--- DATASET EXCERPT Enclosed Below ---

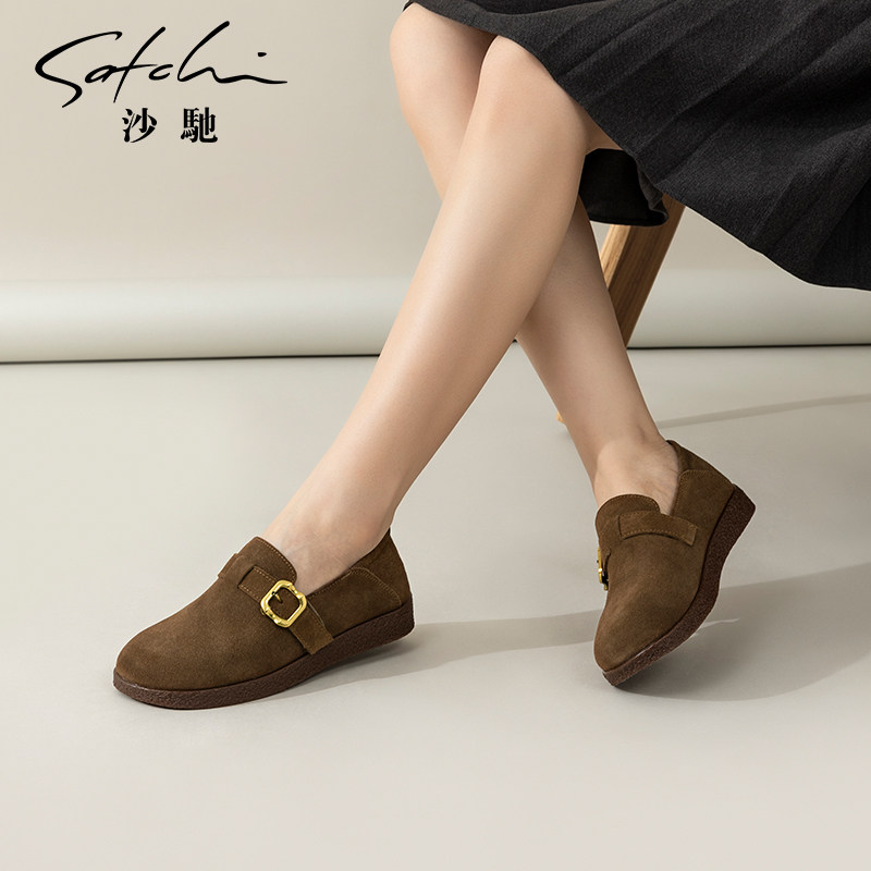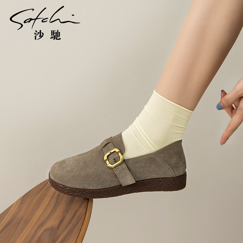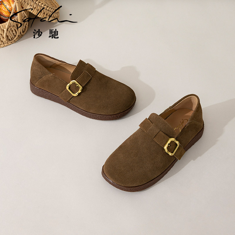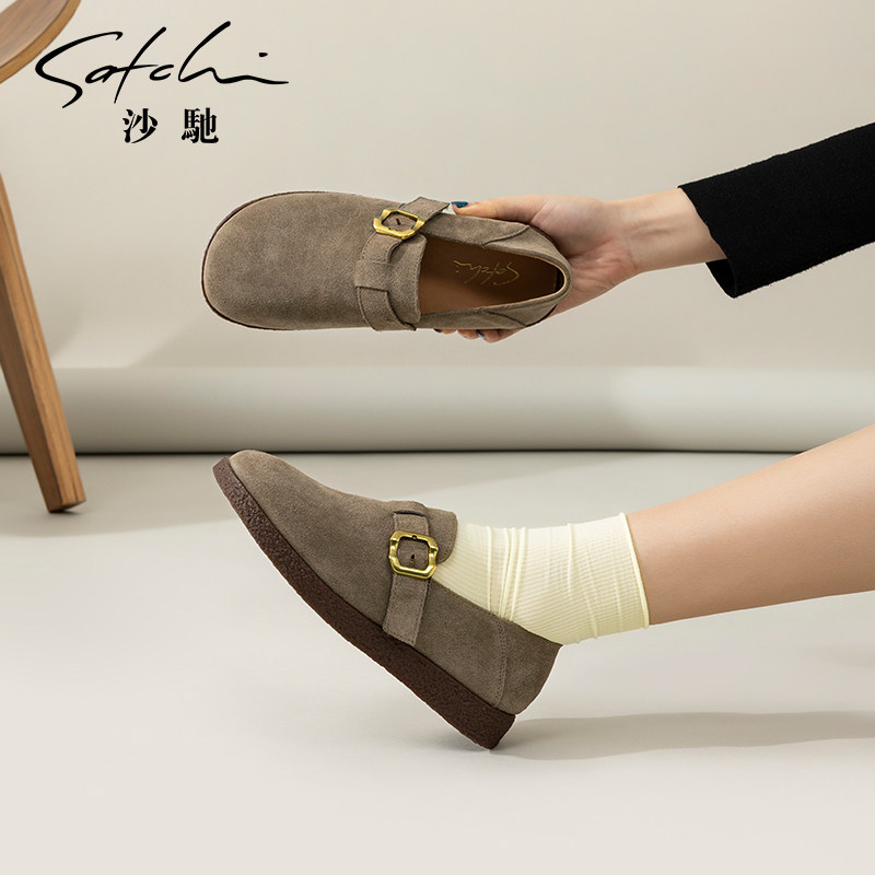 沙驰女鞋复古皮带扣勃肯鞋2025年秋冬新款一脚蹬平底鞋圆头休闲鞋
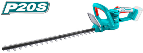 HEDGER Lithium-Ion hedge trimmer VOLTAGE 20V BATTERY & CHARGER IS NOT INCLUDED NO LOAD: 1400RPM BAR LENGTH: 18" TEETH DISTANCE: 18MM WEIGHT: 2.5KG BRAND: TOTAL
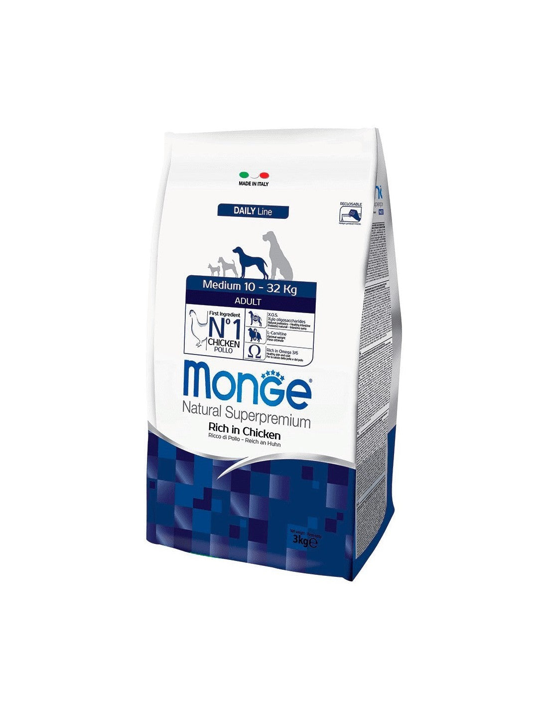 Pollo (fresco 10%, disidratato 30%), riso, granturco, grasso animale (olio di pollo contenuto in grassi 99,5%, conservato con antiossidanti naturali), polpa di barbabietola, lievito di birra (fonte di M.O.S. e vitamina B12), glutine di granturco, proteine animali idrolizzate, pesce (salmone disidratato), olio di pesce (olio di salmone), cartilagine idrolizzata (fonte di condroitina solfato), crostacei idrolizzati (fonte di glucosamina), metil sulfonil metano, X.O.S. (Xylo – oligosaccaridi 3 g/kg), idrolizzato di lievito (M.O.S.), yucca schidigera, spirulina.
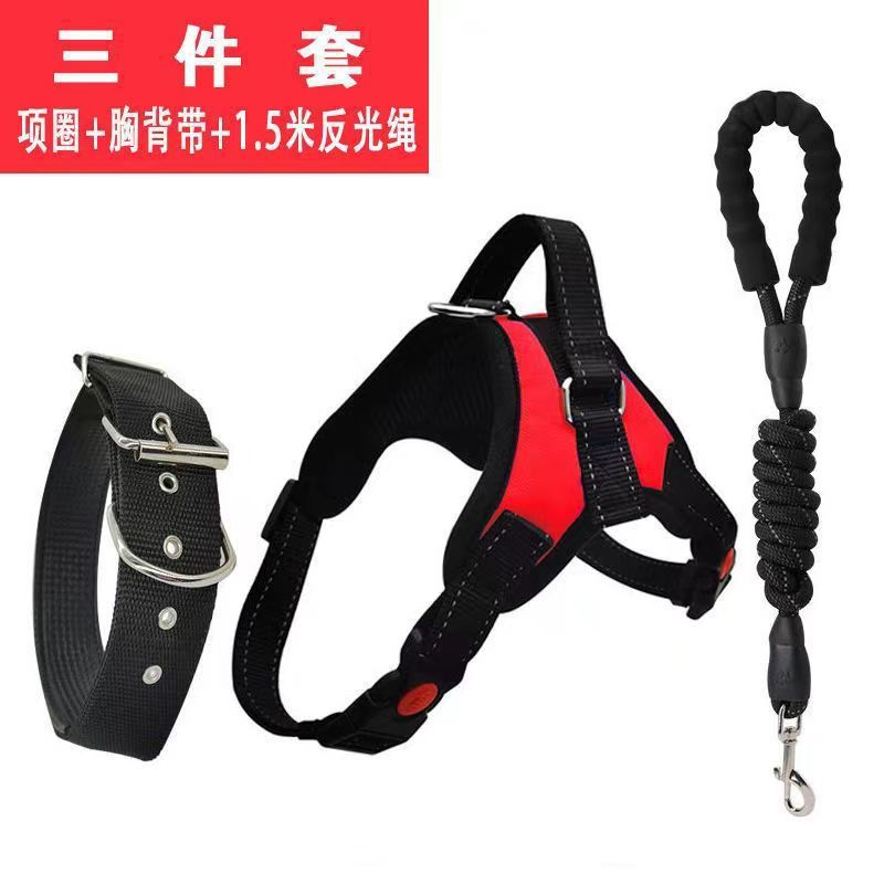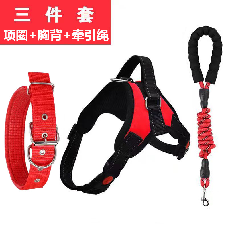 • 레드 [가슴 하네스 + 칼라 + 3m 견인 로프]

--- End of Enclosed DATASET EXCERPT ---

** TASK ITEM **
Your copy of the data should match it exactly, apart from the images, which are omitted.

** EXERCISE ANSWER **
 沙驰女鞋复古皮带扣勃肯鞋2025年秋冬新款一脚蹬平底鞋圆头休闲鞋
 HEDGER Lithium-Ion hedge trimmer VOLTAGE 20V BATTERY & CHARGER IS NOT INCLUDED NO LOAD: 1400RPM BAR LENGTH: 18" TEETH DISTANCE: 18MM WEIGHT: 2.5KG BRAND: TOTAL
 Pollo (fresco 10%, disidratato 30%), riso, granturco, grasso animale (olio di pollo contenuto in grassi 99,5%, conservato con antiossidanti naturali), polpa di barbabietola, lievito di birra (fonte di M.O.S. e vitamina B12), glutine di granturco, proteine animali idrolizzate, pesce (salmone disidratato), olio di pesce (olio di salmone), cartilagine idrolizzata (fonte di condroitina solfato), crostacei idrolizzati (fonte di glucosamina), metil sulfonil metano, X.O.S. (Xylo – oligosaccaridi 3 g/kg), idrolizzato di lievito (M.O.S.), yucca schidigera, spirulina.
 • 레드 [가슴 하네스 + 칼라 + 3m 견인 로프]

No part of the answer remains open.